The Eagar camp is quiet during the day but bustles in the late evening when crew members return from their shifts. After a long day at work, the firefighters exchange dirty fire clothes for clean ones, grab a hot meal and take a shower in one of a pair of specially outfitted semi-trailers. They can also drop off their chain saws at a repair trailer.

Those who are hurting stop by a medical trailer, often drawing simple medicine like Sudafed for noses clogged by smoke, ibuprofen for strained muscles, or wash for eyes clogged with ash. Naomi Brown, from northern California's Lassen National Forest, oversees the operation, which also dispatches ambulances and paramedic teams stationed around the fire.

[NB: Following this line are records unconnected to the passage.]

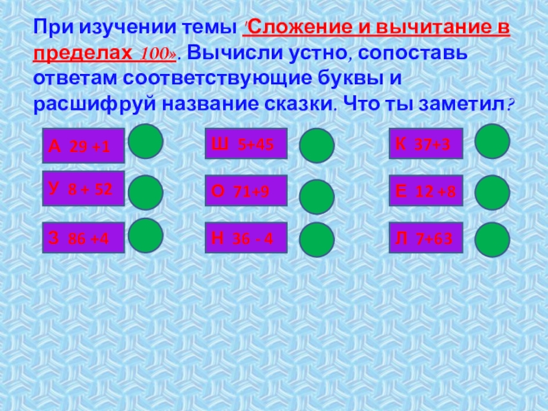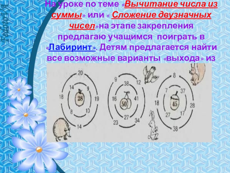 На уроке по теме «Вычитание числа из суммы» на этапе закрепления учитель может предложить детям поиграть в «Лабиринт». Детям предлагается найти все возможные варианты «выхода» из лабиринта.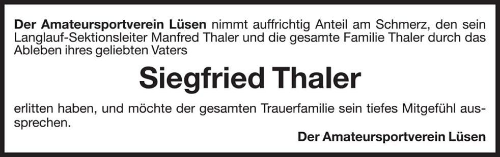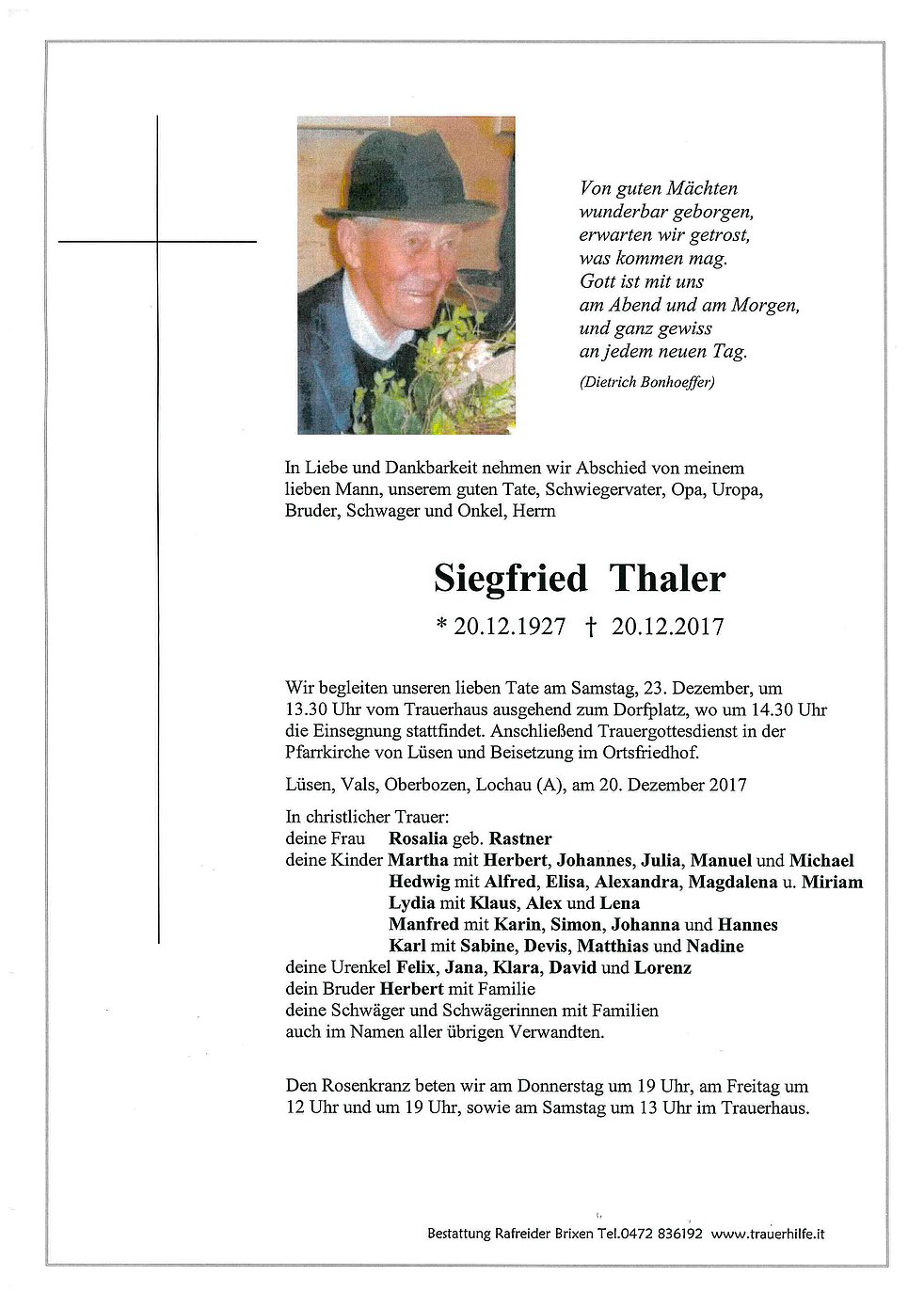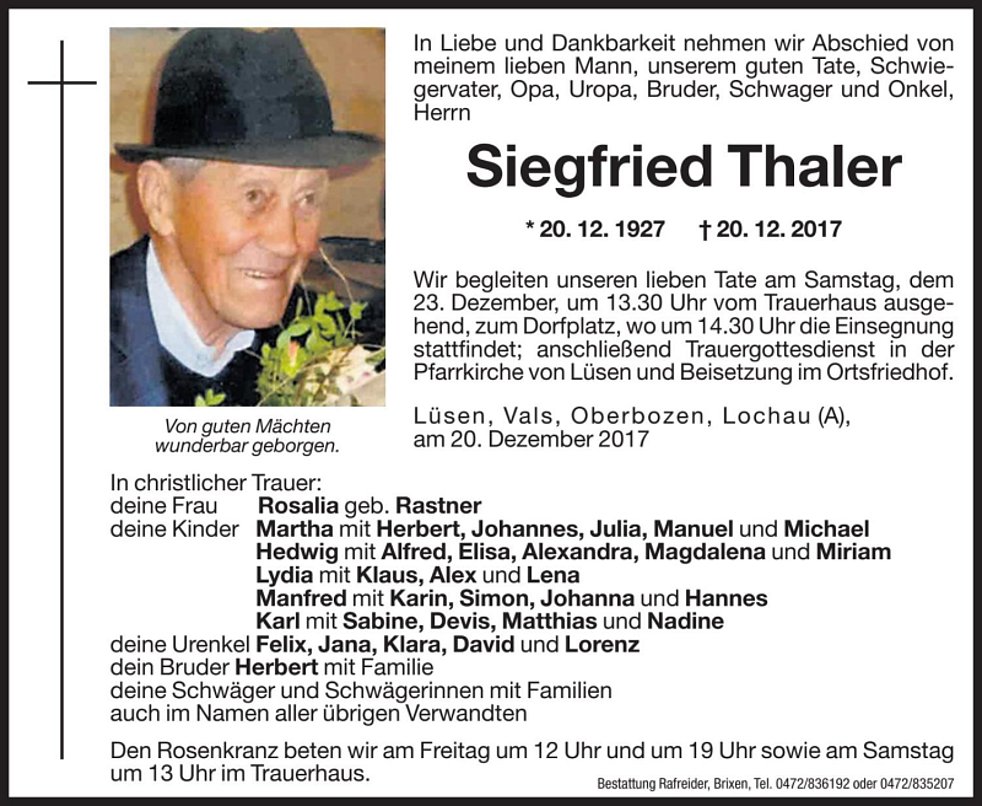 Wir begleiten unseren lieben Tate am Samstag, 23. Dezember, um 13.30 Uhr vom Trauerhaus ausgehend zum Dorfplatz, wo um 14.30 Uhr die Einsegnung stattfindet. Anschließend Trauergottesdienst in der Pfarrkirche von Lüsen und Beisetzung im Ortsfriedhof.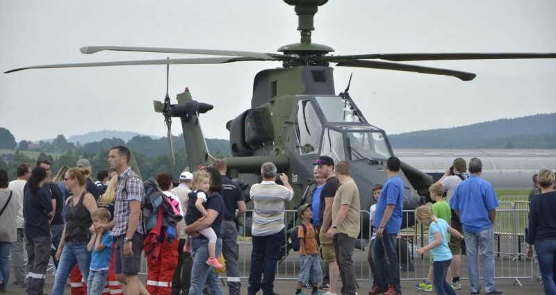 Die Bundeswehr selbst hatte dazu reichlich Fahrzeuge und Waffensysteme aufgefahren. Von der Transall, über die bis ende 2014 in Fritzlar beheimatete BO105 bis hin zum Kampfhubschrauber Tiger wurde so einiges ausgestellt. In beeindruckenden Flugshows zeigten die Piloten eindrucksvoll, wozu Mensch und Maschine in der Lage sind. Loopings, Steilkurven, Sturzflüge und rollen um die Längsachse waren Küreinlagen der Waffensysteme BO 105 und Tiger. Den Blick einmal nach oben gerichtet, zeigten sich die Fallschirmjäger aus Stadtallendorf, welche zunächst nur als Punkt am Himmel zu erkennen waren. Aus rund 1500 Meter Höhe sprangen fünf Soldaten mit ihren Fallschirmen aus einem Hubschrauber vom Typ Bell. Kaum waren die Schirme geöffnet, verdeutlichten die Springer mit Rauchfahnen ihre spektakulären Flugmanöver.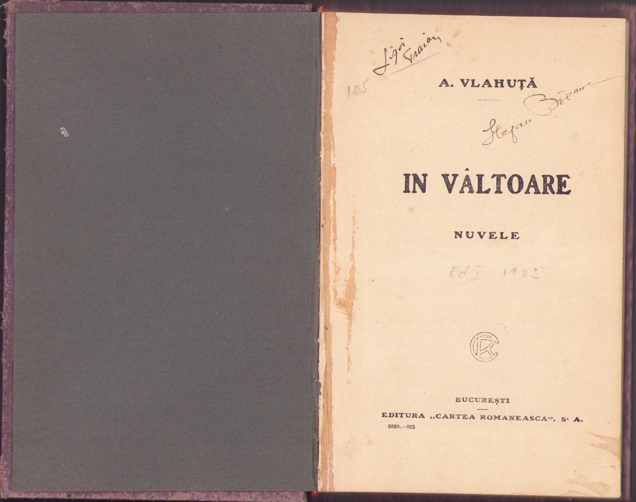 În vâltoare, Nuvele de Alexandru Vlahuță, 1925, ediția I.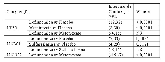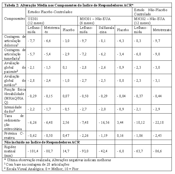 A Tabela 2 apresenta os resultados dos componentes dos critérios de resposta ACR para os estudos US301, MN301 e MN302. O tratamento com Leflun® foi significativamente superior ao placebo em todos os componentes dos critérios de resposta ACR nos estudos US301 e MN301. Além disso, o tratamento com Leflun® foi significativamente superior ao placebo na melhora da rigidez matinal, um indicador da atividade de AR, não incluída nos critérios de resposta ACR. Não foram demonstradas diferenças consistentes entre o tratamento com Leflun® e os comparadores ativos.

"If you consider how much it costs to send someone to the emergency room, this has really saved a lot of money," she said of the operation. They've seen hundreds with minor gripes since June 5, and treated nearly three dozen injuries, sending 10 firefighters to the hospital for treatment.

"Usually, when we do treat someone, we give them an IV, get them rested and get them back on the line the next day," Brown said.

Elsewhere at the camp, crews revamp equipment, untangling and rerolling fire hoses. Mechanics with heavy maintenance trucks change fire truck tires, and weld and otherwise patch up damaged equipment.

As the sun goes down, the firefighters head to their tents so they can grab some sleep and do it all again.

Since battling the fire is a 24-hour operation, other crews head out at night and come back at daybreak so they can eat at the Eagar camp, then go to a local school gym to sleep.

Chester, the Glendale firefighter, said rolling into the camp after a 16-hour day is a welcome relief.

"You get back, you take a shower, you go eat, and you go to bed," he said. "I couldn't complain — this is nice."